2.	We don’t want to train and test on the same data. Split the spam and the ham datasets in a training set and a test set. (`hamtrain`, `spamtrain`, `hamtest`, and `spamtest`) **0.5p**


In [3]:
import os
from sklearn.model_selection import train_test_split

def load_files(dir):
    files = []
    with os.scandir(dir) as it:
        for entry in it:
            with open(entry, 'r',  encoding='iso-8859-1') as f:
                data = f.read()
                files.append(data)
    return files

easy_ham = load_files('easy_ham')
hard_ham = load_files('hard_ham')
spam = load_files('spam')


ham_label = ['ham']*(len(easy_ham + hard_ham))
spam_label = ['spam']*len(spam)

ham_train, ham_test, ham_label_train, ham_label_test = train_test_split(easy_ham + hard_ham, ham_label, test_size=0.3, random_state=42)
spam_train, spam_test, spam_label_train, spam_label_test = train_test_split(spam, spam_label, test_size=0.3, random_state=42)


hard_ham_label = ['hardham']*(len(hard_ham))
easy_ham_label = ['easyham']*len(easy_ham)

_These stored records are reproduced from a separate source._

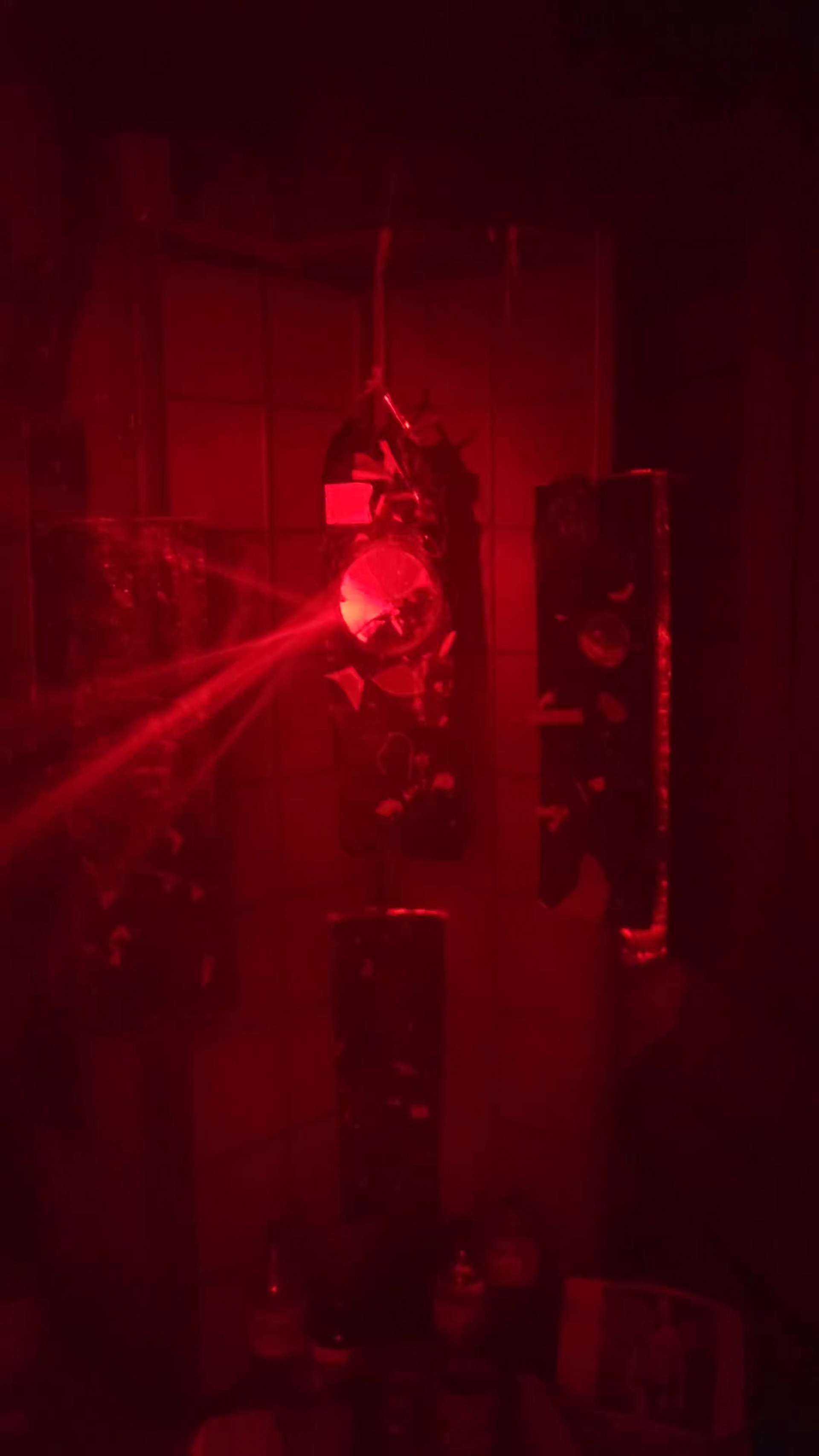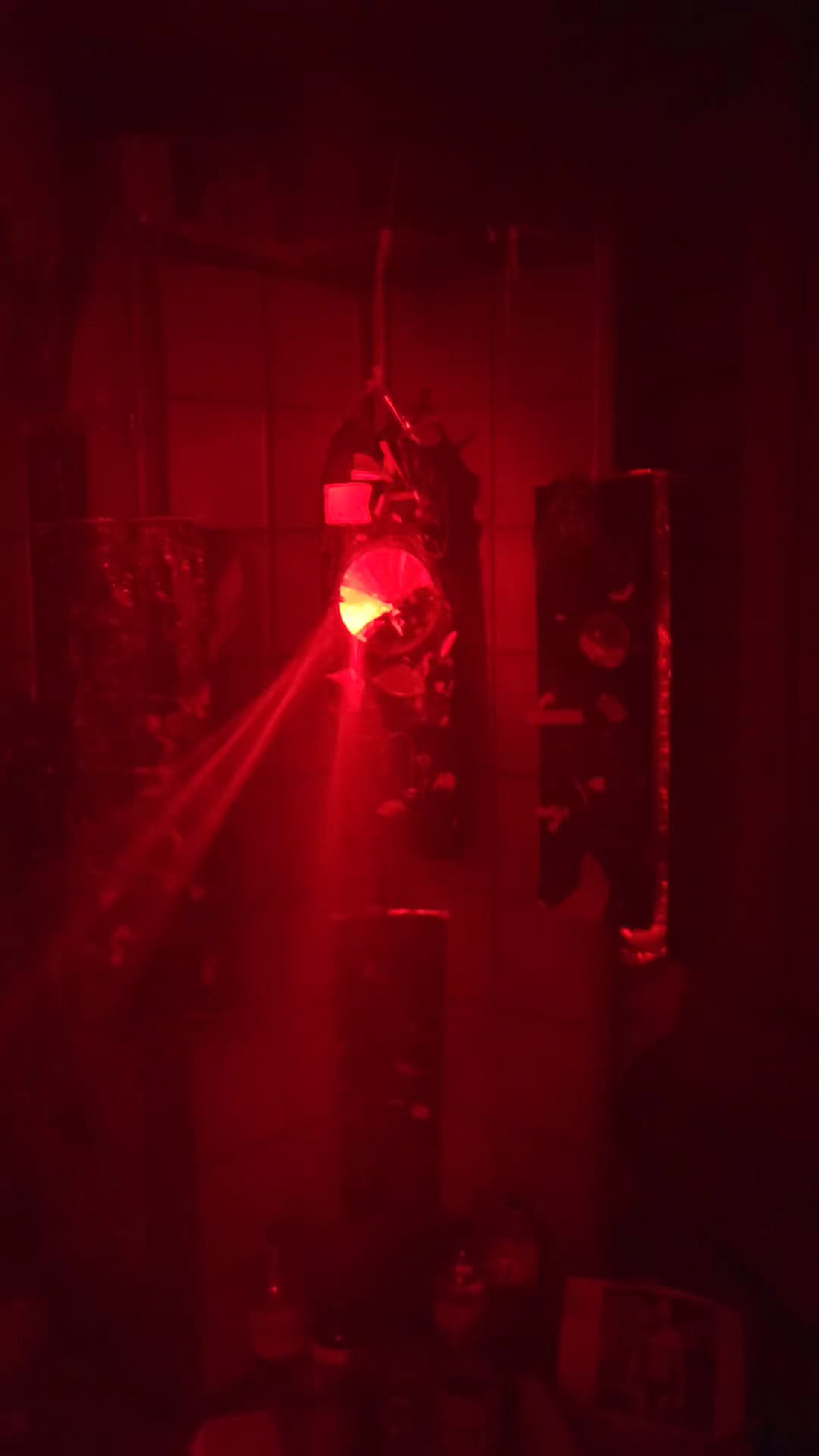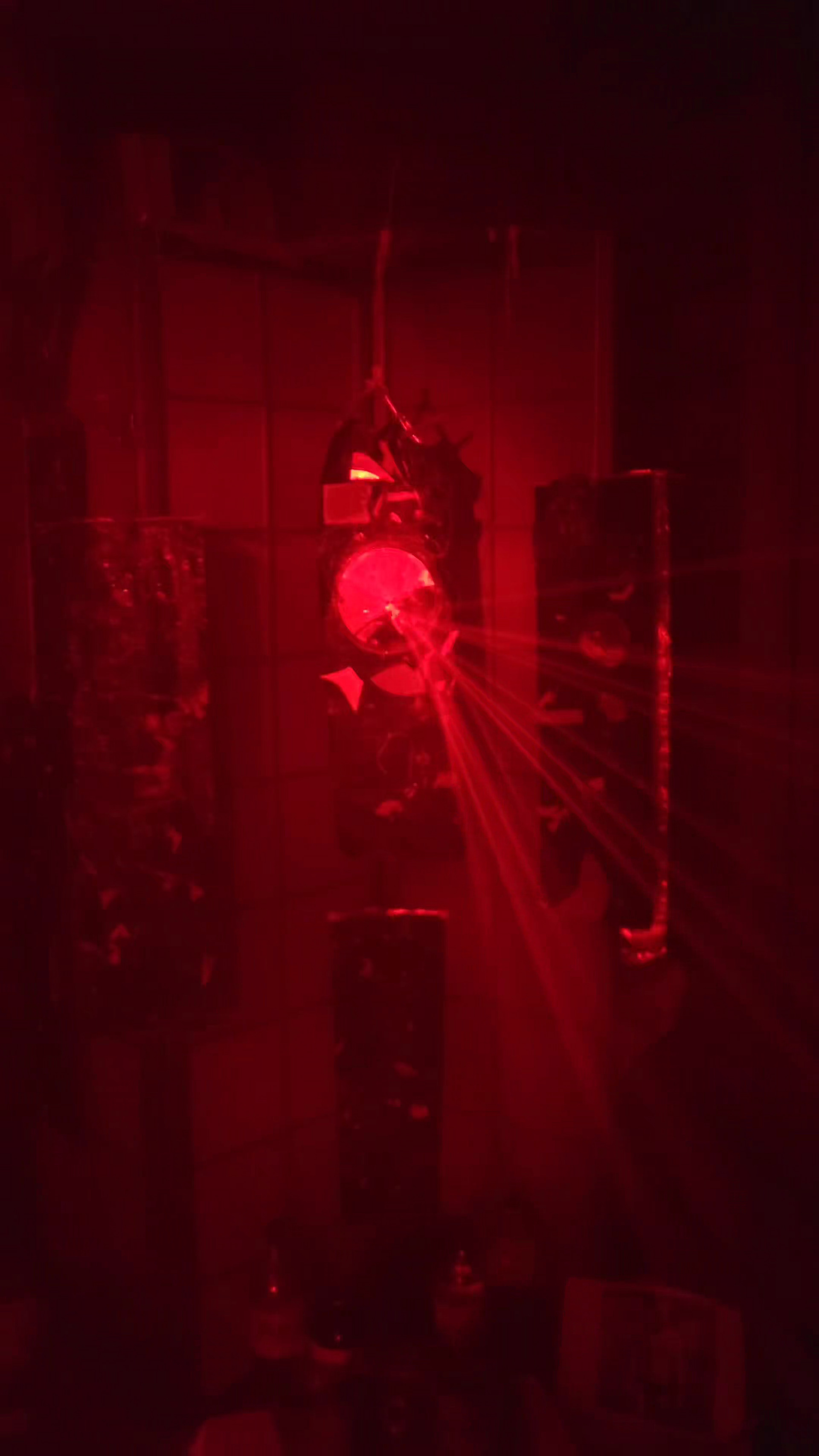 um ambiente escuro, banhado em luz vermelha, com uma figura escultural no centro irradiando feixes de luz,
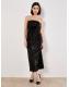 Apricot Black Velvet Sequin Bandeau Midi Dress
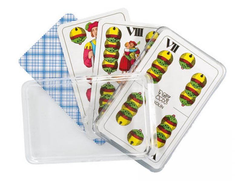 Hrací karty v plastové krabičce. Balení obsahuje
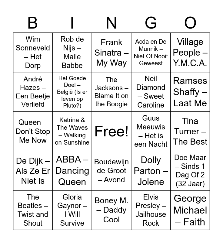 This bingo card has a free space and 25 words: ABBA – Dancing Queen, Boney M. – Daddy Cool, The Jacksons – Blame It on the Boogie, The Beatles – Twist and Shout, Village People – Y.M.C.A., Wim Sonneveld – Het Dorp, André Hazes – Een Beetje Verliefd, Rob de Nijs – Malle Babbe, Guus Meeuwis – Het is een Nacht, Boudewijn de Groot – Avond, Neil Diamond – Sweet Caroline, Queen – Don't Stop Me Now, Dolly Parton – Jolene, Doe Maar – Sinds 1 Dag Of 2 (32 Jaar), Het Goede Doel – België (Is er leven op Pluto?), Earth, Wind & Fire – September, Tina Turner – The Best, Frank Sinatra – My Way, Ramses Shaffy – Laat Me, Katrina & The Waves – Walking on Sunshine, George Michael – Faith, Gloria Gaynor – I Will Survive, De Dijk – Als Ze Er Niet Is, Acda en De Munnik – Niet Of Nooit Geweest and Elvis Presley – Jailhouse Rock.

hard_ham_train, hard_ham_test, hard_ham_label_train, hard_ham_label_test = train_test_split(hard_ham, hard_ham_label, test_size=0.3, random_state=42)
easy_ham_train, easy_ham_test, easy_ham_label_train, easy_ham_label_test = train_test_split(easy_ham, easy_ham_label, test_size=0.3, random_state=42)

### 2. Write a Python program that: 
1.	Uses four datasets (`hamtrain`, `spamtrain`, `hamtest`, and `spamtest`) 
2.	Trains a Naïve Bayes classifier (e.g. Sklearn) on `hamtrain` and `spamtrain`, that classifies the test sets and reports True Positive and True Negative rates on the `hamtest` and `spamtest` datasets. You can use `CountVectorizer` to transform the email texts into vectors. Please note that there are different types of Naïve Bayes Classifier in SKlearn ([Documentation here](https://scikit-learn.org/stable/modules/naive_bayes.html)). Test two of these classifiers that are well suited for this problem
    - Multinomial Naive Bayes  
    - Bernoulli Naive Bayes. 






In [4]:
#Imports
from sklearn import datasets
import numpy as np
from sklearn.feature_extraction.text import CountVectorizer
from sklearn.model_selection import train_test_split
from sklearn.naive_bayes import BernoulliNB
from sklearn.naive_bayes import MultinomialNB
from sklearn import metrics
from pprint import pprint



def run_predictions(hamtrain, spamtrain, hamtest, spamtest,
                    hamtrainlabels, spamtrainlabels, hamtestlabels, spamtestlabels,
                    mnb=MultinomialNB(), 
                    bnb=BernoulliNB(), 
                    vectorizer=CountVectorizer(),
                    return_accuracy=False):

    #Train the model using the training sets
    train = vectorizer.fit_transform(hamtrain + spamtrain)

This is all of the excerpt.